**Information provided**
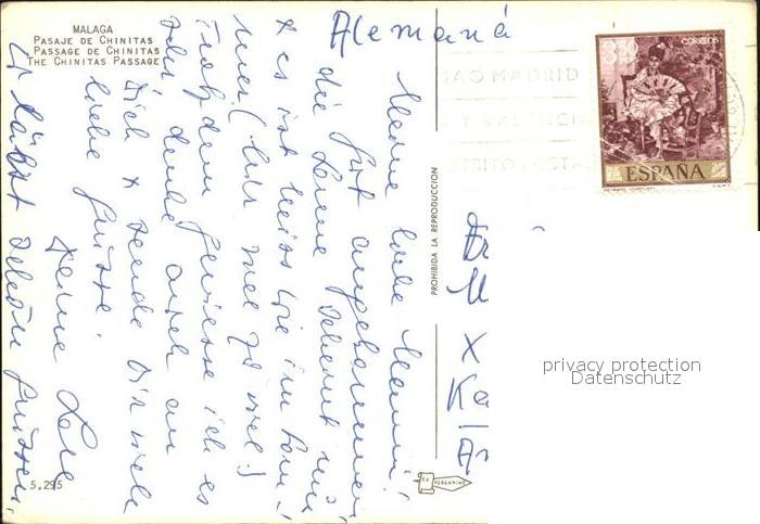 old postcard Malaga Andalucia Chinitas Passage postalisch gelaufen Erhaltung siehe scans
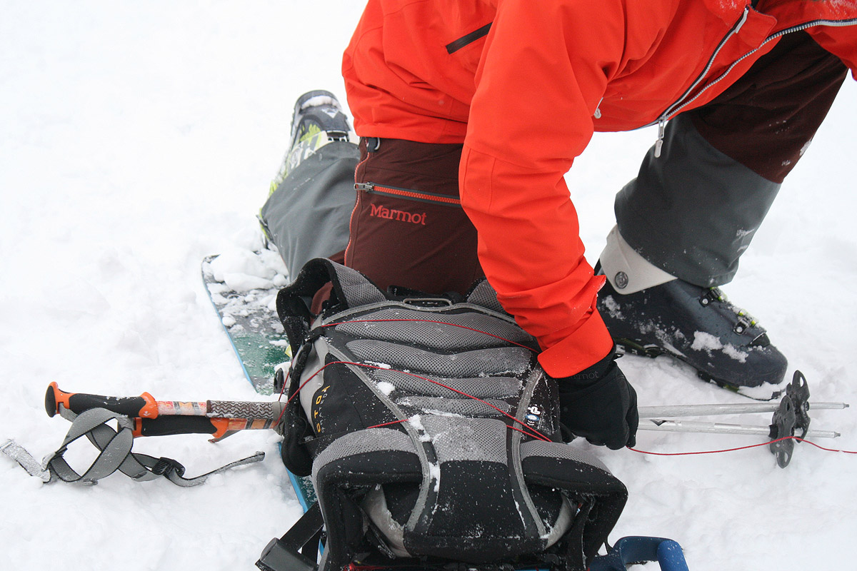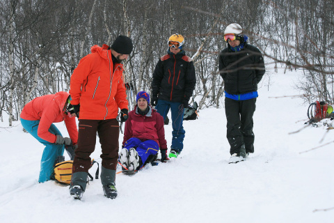 Подручные средства – это то, что есть в рюкзаке и на участнике при катании в группе вне трасс. Условно считаем, что пострадавший сам передвигаться не может, а для минимализма представляем, что спасательную операцию предстоит выполнять одному человеку.
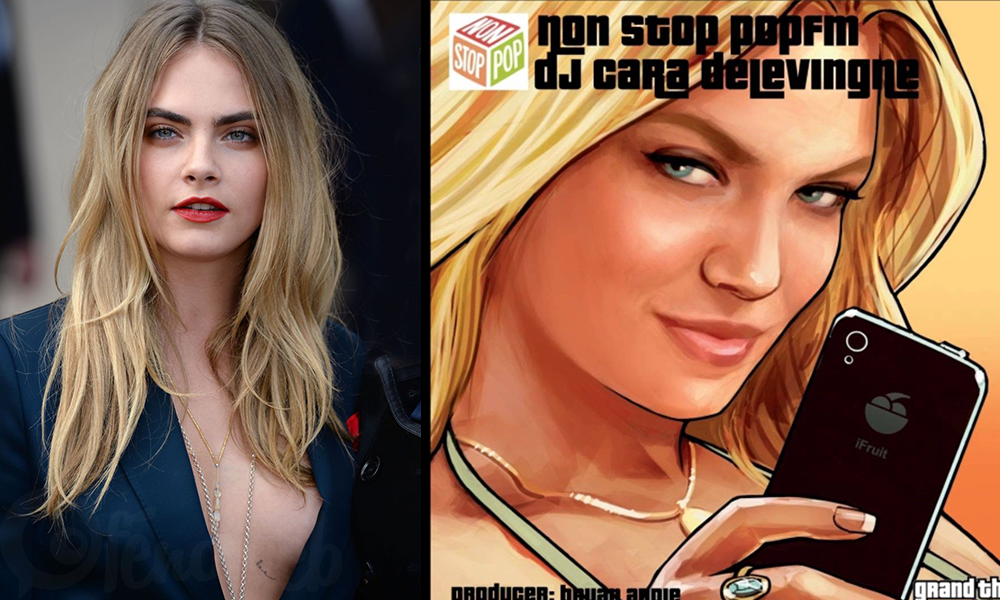 11. Cara Delevingne | GTA 5 (Dj NON STOP FM) | Photo droite: Kate Upton

**Problem statement**
The response must repeat all the lines above exactly and include no pictures.

**Written response**
 old postcard Malaga Andalucia Chinitas Passage postalisch gelaufen Erhaltung siehe scans
 Подручные средства – это то, что есть в рюкзаке и на участнике при катании в группе вне трасс. Условно считаем, что пострадавший сам передвигаться не может, а для минимализма представляем, что спасательную операцию предстоит выполнять одному человеку.
 11. Cara Delevingne | GTA 5 (Dj NON STOP FM) | Photo droite: Kate Upton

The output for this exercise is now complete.